Cependant le moment du départ était arrivé, le Rendeer, s’en allait en Californie, i te fenua California, comme disait la petite-fille de la reine.
Ce n’était pas le départ définitif, il est vrai ; au retour nous devions nous arrêter encore à l’île délicieuse un mois ou deux, en passant. Sans cette certitude de revenir, il est probable qu’à ce moment-là je ne serais pas parti : la laisser pour toujours eût été au-dessus de mes forces, et m’eût brisé le cœur.
A l’approche du départ, j’étais étrangement obsédé par la pensée de cette Taïmaha, qui avait été la femme de mon frère Rouéri.
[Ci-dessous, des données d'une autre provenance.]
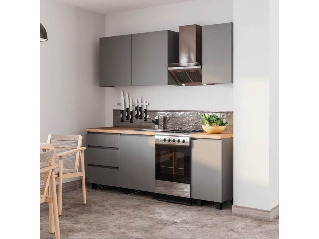 Дизайн кухни "Асти" вдохновлен трендом на минимализм. Прямые четкие линии, матовые фасады без декора и гармоничное сочетание всех блоков делает этот комплект универсальным.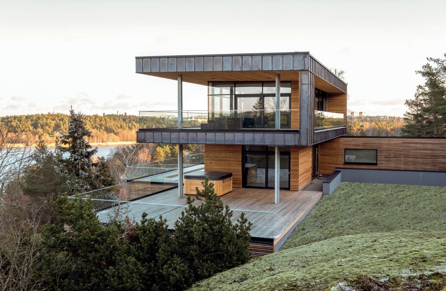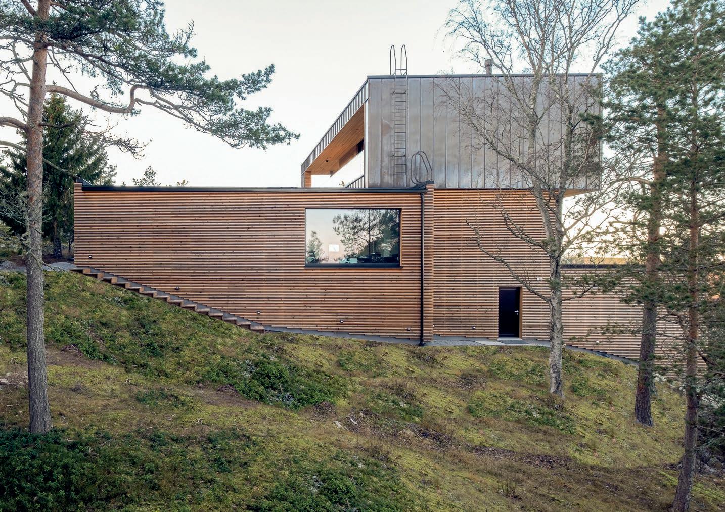 Nordic Brown pre-oxidised copper and larch cladding together define the natural character of a contemporary home, nestling amongst the treetops on the Island of Hirvensalo, part of the Turku archipelago in Finland.

Il m’était extrêmement pénible, je ne sais pourquoi, de partir sans la connaître, et je m’en ouvris à la reine, en la priant de se charger de nous ménager une entrevue.
Pomaré parut prendre grand intérêt à ma demande :
– Comment, Loti, dit-elle, tu veux la voir ? Il t’en avait parlé, Rouéri ? Il ne l’avait donc point oubliée ?
Et la vieille reine sembla se recueillir dans de tristes souvenirs du passé, retrouvant peut-être dans sa mémoire l’oubli de quelques-uns, qu’elle avait aimés, et qui étaient partis pour ne plus revenir.